Limits...
Impact of Breast Cancer Subtype Defined by Immunohistochemistry Hormone Receptor and HER2 Status on the Incidence of Immediate Postmastectomy Reconstruction

View Article: PubMed Central - PubMed

ABSTRACT

Immediate postmastectomy reconstruction has become an increasingly popular choice for breast cancer patients recently. However, whether molecular subtype of cancer impacts the incidence of breast reconstruction is unclear. We aimed to investigate the association between breast cancer subtype defined by immunohistochemistry hormone receptor (HR) and human epidermal growth factor receptor 2 (HER2) status and recent rates of immediate postmastectomy reconstruction in the United States.

The National Cancer Institute's Surveillance, Epidemiology, and End Results (SEER) database was used to evaluate stage I–III breast cancer patients with different subtypes who underwent either mastectomy alone or mastectomy plus reconstruction between 2010 and 2012. Univariate and multivariate analyses were conducted to identify factors influencing the incidence of immediate reconstruction.

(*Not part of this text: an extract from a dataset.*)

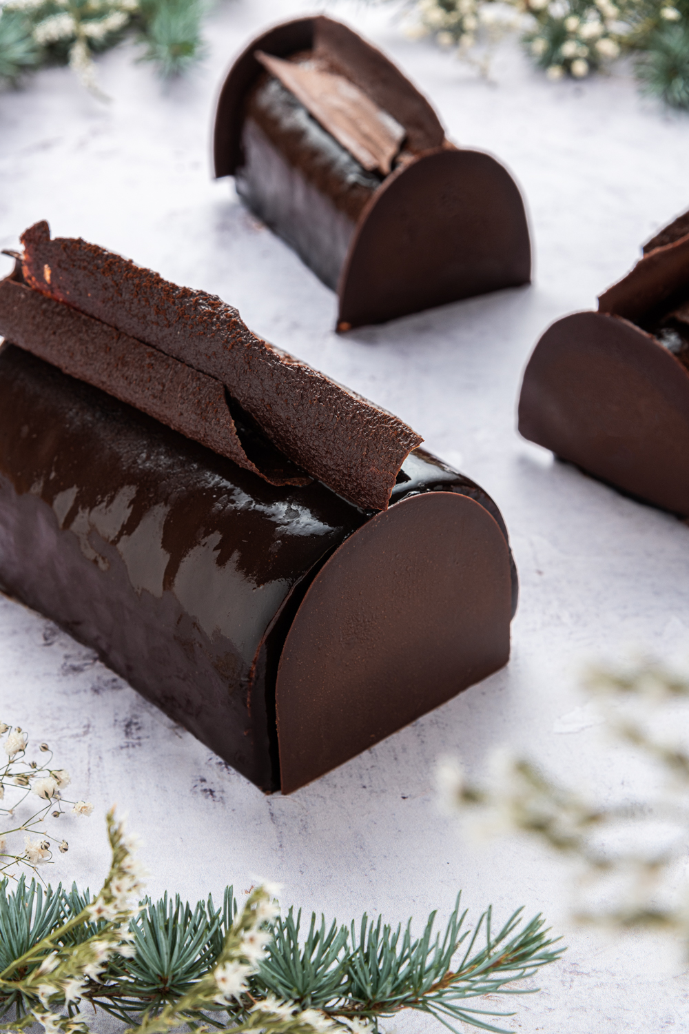 Elle se compose d’un biscuit moelleux au chocolat doux surmonté d’un biscuit croustillant travaillé au sucre muscovado, apportant toute sa mâche à la bûche.

Of 47,123 women included, 33.1% (10,712/32,376) of HR+/HER2−, 33.1% (1912/5768) of HR+/HER2+, 29.6% (850/2875) of HR−/HER2+, and 27.7% (1689/6104) of triple negative breast cancer patients received immediate breast reconstruction (chi-square test, P < 0.001), respectively. Thus, HER2-overexpressing and triple negative breast cancer patients received significantly less breast reconstruction. After adjusting for demographic, socioeconomic, geographic, or clinicopathologic factors, HER2-overexpressing (OR 0.896, 95% CI 0.817–0.984) and triple negative (OR 0.806, 95% CI 0.751–0.866) breast cancer patients remained less likely to undergo immediate postmastectomy reconstruction compared with HR+/HER2− or HR+/HER2+ patients. No significant difference was found in the type of reconstruction among different subtypes. Subgroup analysis showed that the difference of breast reconstruction rates among distinct subtypes varied with different grade and stage groups, and the association between breast cancer subtype and the reconstruction rate was not significant in low grade and early stage patients.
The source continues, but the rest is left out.